#### Extracted data ####
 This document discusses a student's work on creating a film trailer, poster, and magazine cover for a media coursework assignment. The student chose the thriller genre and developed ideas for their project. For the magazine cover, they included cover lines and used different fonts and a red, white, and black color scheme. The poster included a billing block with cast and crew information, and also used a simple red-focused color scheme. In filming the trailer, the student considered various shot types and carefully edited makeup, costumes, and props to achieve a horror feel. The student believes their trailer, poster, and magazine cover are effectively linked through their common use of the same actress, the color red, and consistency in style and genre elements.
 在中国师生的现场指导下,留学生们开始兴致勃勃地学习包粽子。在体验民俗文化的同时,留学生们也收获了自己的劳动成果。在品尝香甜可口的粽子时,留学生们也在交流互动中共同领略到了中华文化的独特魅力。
####
#### Extracted data ####
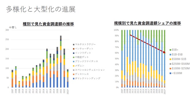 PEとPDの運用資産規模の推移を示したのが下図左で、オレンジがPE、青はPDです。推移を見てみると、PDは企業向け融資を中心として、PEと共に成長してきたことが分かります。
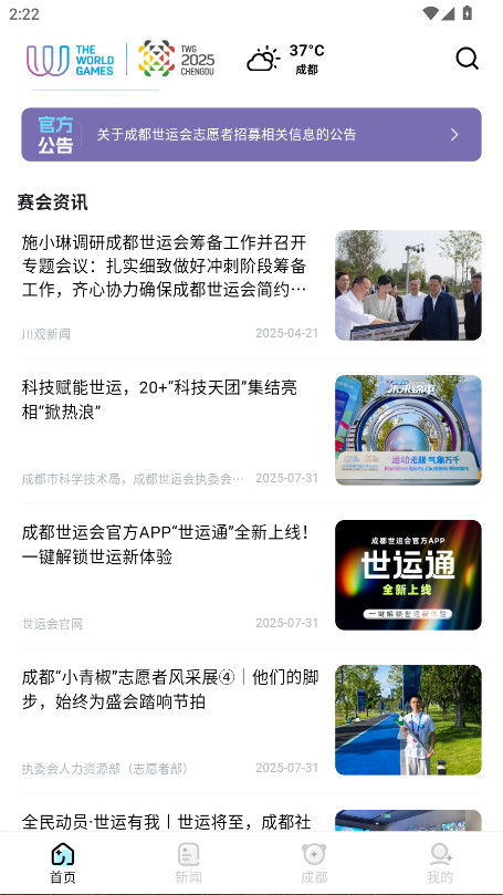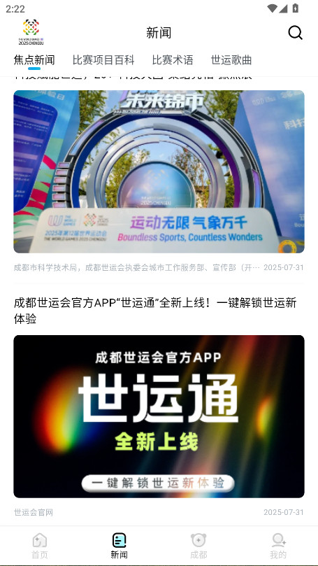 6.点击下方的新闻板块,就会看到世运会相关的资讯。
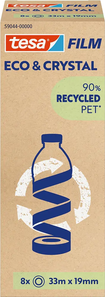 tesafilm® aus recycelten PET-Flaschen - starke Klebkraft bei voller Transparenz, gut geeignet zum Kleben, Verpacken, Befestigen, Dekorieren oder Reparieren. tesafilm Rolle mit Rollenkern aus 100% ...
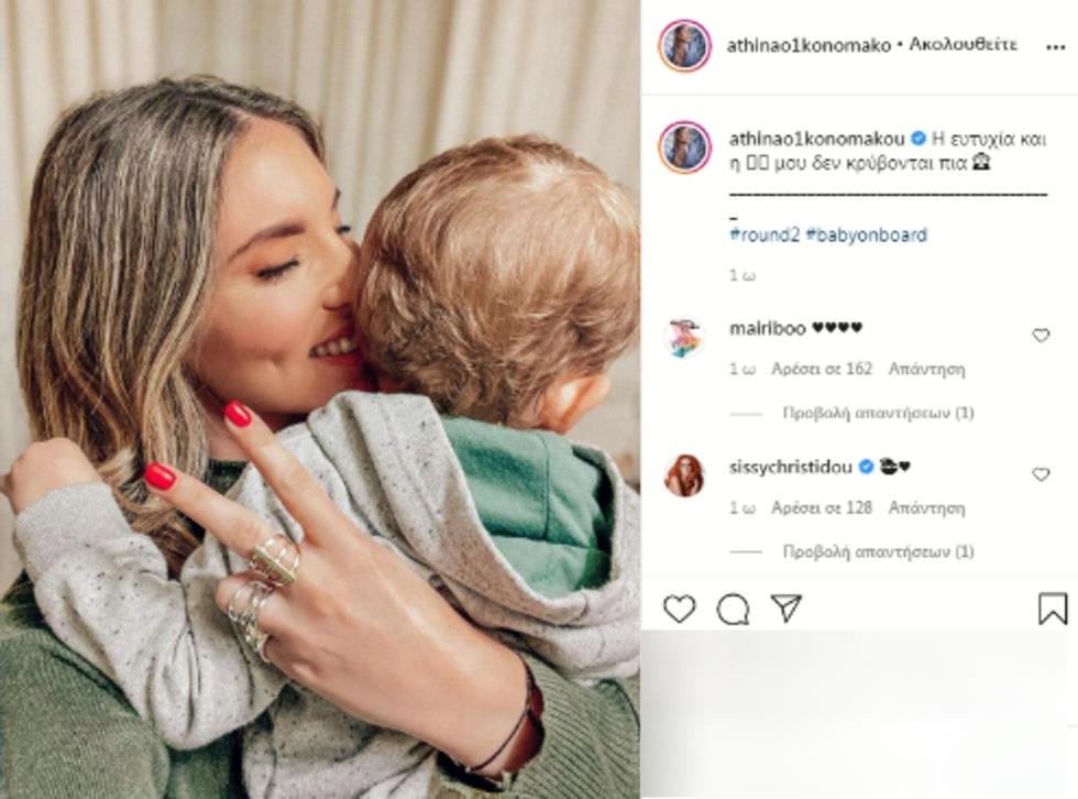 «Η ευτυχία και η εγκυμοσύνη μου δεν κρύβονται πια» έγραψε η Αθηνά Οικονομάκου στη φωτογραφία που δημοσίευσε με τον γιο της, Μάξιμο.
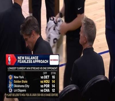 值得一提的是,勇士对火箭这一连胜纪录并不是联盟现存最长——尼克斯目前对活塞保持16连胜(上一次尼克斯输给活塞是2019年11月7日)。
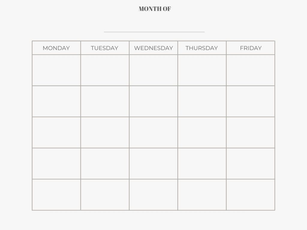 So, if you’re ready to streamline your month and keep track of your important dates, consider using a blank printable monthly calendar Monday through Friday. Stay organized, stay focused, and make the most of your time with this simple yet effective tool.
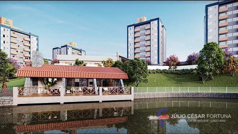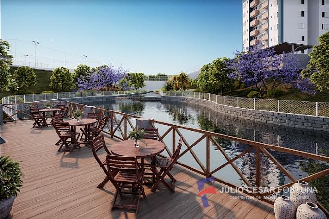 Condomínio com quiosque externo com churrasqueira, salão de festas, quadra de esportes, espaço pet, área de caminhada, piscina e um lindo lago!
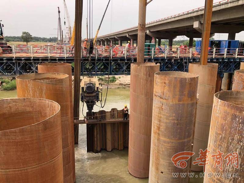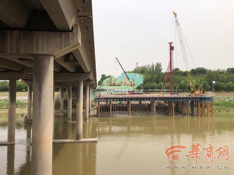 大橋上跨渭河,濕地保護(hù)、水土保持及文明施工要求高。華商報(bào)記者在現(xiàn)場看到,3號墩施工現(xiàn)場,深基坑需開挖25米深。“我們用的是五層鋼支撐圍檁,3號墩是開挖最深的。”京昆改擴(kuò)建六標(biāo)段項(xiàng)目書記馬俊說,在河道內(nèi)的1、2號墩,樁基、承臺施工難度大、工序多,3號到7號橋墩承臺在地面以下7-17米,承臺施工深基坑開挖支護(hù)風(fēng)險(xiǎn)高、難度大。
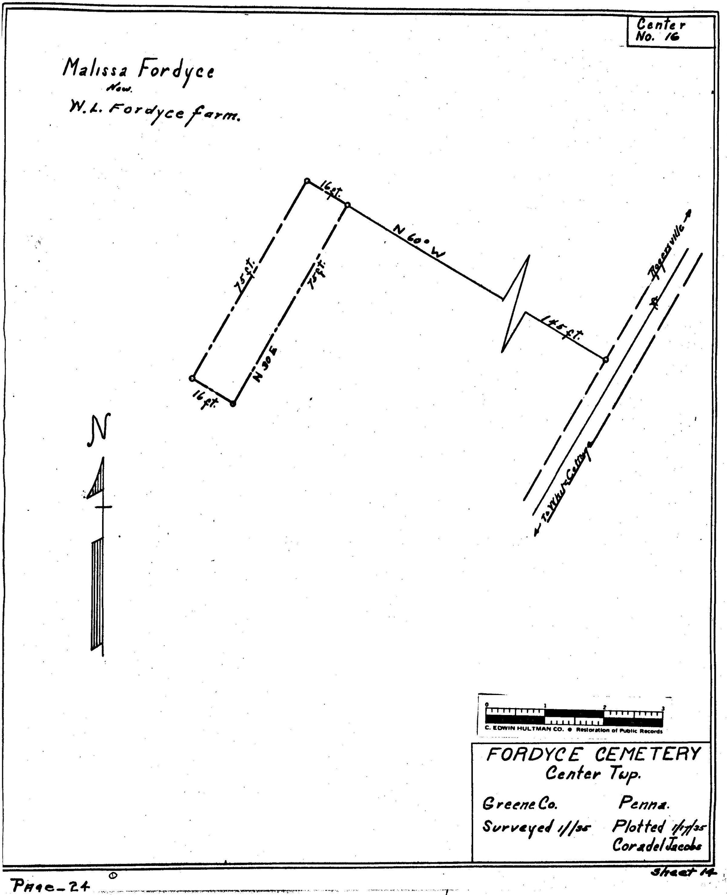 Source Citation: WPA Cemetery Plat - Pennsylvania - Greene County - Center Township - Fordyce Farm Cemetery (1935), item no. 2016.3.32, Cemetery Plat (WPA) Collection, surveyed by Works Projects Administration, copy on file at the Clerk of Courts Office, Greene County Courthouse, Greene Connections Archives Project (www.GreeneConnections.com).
####
- What the exercise asks:
In the records above, find the line containing "6.点击下方的新闻板块,就会看到世运会相关的资讯。" and the line containing "tesafilm® aus recycelten", then give both of them again word for word along with every line between. Omit any pictures.

- Solution to the problem:
 6.点击下方的新闻板块,就会看到世运会相关的资讯。
 tesafilm® aus recycelten PET-Flaschen - starke Klebkraft bei voller Transparenz, gut geeignet zum Kleben, Verpacken, Befestigen, Dekorieren oder Reparieren. tesafilm Rolle mit Rollenkern aus 100% ...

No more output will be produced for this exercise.